Saturday night at the Skybox. (Ben Barnhart photo)

The Hatch and the Blue Wall are just cafeterias now, but for some alumni, the names conjure images of rocking out to the sounds of bands on their way up. For about a year now, a group of students has been working to revive that image.

     An elevator ride up in the Campus Center from the old music venues, the space formerly occupied by the Top of the Campus restaurant has been rocking out with a mix of live and deejay music this year. Currently called “The Skybox,” the venue is a provisional step toward what some hope will be a return to hot music on campus.

     “We’re trying to do what the Hatch and the Blue Wall used to do,” said Tom Sadlowski a fifth-year senior, who heads up Skybox Entertainment, the group behind the music. And by all accounts those venues offered up legendary shows. Cheryl Dellecese ’78 recalls The Cars passing through on their way to national acclaim.
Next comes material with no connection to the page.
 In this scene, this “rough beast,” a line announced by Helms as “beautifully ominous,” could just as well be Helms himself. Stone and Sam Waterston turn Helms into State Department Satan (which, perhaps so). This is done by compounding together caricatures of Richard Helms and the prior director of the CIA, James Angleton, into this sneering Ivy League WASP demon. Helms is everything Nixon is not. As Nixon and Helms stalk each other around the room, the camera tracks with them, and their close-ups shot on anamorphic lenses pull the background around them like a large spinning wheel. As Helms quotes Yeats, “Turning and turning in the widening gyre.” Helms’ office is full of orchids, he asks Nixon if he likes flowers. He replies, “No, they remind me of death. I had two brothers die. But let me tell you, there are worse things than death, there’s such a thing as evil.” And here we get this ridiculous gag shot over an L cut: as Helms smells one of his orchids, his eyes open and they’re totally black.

Greg Lauzon ’90 saw the ska band Bim Skala Bim there.

     Lauzon’s most vivid memory, though, is of a show at the Hatch: “the Beat Farmers, a crazy-ass hillbilly rock-and-roll band from Texas, I think,” he wrote us in an email.
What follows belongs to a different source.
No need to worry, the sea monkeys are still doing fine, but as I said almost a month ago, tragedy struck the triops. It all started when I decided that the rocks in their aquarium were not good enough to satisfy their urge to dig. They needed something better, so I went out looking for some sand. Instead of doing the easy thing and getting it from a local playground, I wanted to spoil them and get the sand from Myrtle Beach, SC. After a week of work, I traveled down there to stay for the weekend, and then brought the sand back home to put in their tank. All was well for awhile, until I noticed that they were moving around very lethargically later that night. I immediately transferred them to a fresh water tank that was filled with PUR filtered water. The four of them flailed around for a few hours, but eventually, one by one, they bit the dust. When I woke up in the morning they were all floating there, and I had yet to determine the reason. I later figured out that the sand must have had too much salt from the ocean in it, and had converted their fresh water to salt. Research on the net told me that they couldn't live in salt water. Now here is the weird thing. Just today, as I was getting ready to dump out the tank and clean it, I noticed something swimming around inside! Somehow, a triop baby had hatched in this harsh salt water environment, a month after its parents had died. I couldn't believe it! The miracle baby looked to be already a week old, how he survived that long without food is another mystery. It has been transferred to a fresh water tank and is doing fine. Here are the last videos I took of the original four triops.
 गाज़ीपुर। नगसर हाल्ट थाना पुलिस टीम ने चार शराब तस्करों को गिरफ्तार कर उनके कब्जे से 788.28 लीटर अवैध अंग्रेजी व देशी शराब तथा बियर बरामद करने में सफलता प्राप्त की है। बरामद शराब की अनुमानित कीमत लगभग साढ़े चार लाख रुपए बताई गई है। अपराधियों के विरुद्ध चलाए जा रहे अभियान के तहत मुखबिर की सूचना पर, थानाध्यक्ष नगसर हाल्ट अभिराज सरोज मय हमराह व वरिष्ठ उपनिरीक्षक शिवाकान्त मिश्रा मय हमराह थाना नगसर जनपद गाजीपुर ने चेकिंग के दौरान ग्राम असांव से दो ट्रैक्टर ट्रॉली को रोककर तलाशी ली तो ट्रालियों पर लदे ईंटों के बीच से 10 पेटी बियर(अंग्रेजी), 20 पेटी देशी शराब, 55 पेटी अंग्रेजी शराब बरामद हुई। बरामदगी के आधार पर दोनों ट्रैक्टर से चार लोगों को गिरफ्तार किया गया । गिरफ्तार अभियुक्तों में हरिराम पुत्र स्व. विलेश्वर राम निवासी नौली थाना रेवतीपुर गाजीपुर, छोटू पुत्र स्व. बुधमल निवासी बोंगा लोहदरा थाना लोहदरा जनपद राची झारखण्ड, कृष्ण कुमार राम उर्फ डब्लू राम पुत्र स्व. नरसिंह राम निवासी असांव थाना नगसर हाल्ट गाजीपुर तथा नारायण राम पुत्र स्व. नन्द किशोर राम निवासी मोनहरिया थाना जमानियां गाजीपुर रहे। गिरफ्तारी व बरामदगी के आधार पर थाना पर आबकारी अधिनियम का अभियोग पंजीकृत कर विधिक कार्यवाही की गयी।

     “Their drummer left his kit to sing lead vocals on one song, but not before jumping up on the bar and pouring a pitcher of beer over his head. He was a giant, imposing cowboy-type guy who wore a long black slicker-type trench coat and cowboy hat, and he just roared into the mike. It was utter mayhem and easily the most fun I ever had down there.”

     While successive administrations have been hesitant about bringing such mayhem back home, many alumni lament the passing of these places. “I don’t know why they don’t have it anymore,” says Dellecese. “It’d be much better on campus,”.

     She isn’t the only one who thinks so. Tom Sadlowski says the idea for the Skybox came out of studies of on-campus programming and alcohol use. Repeating a maxim that undoubtedly reflects many students’ opinion, Sadlowski asserts that “Kids were drinking because there’s nothing to do.”

     In addition, he says the Valley is less friendly to college music as it once was. Pearl Street in Northampton, for example, now caters to an older crowd.

     Students first proposed the idea of the Skybox in April, 1998, a point at which discussion of campus alcohol policy was particularly intense. A pilot show featuring UMass bands went well, and a year later, the students had their venue, funded with a $27,700 loan from the Campus Center’s Auxillary Services.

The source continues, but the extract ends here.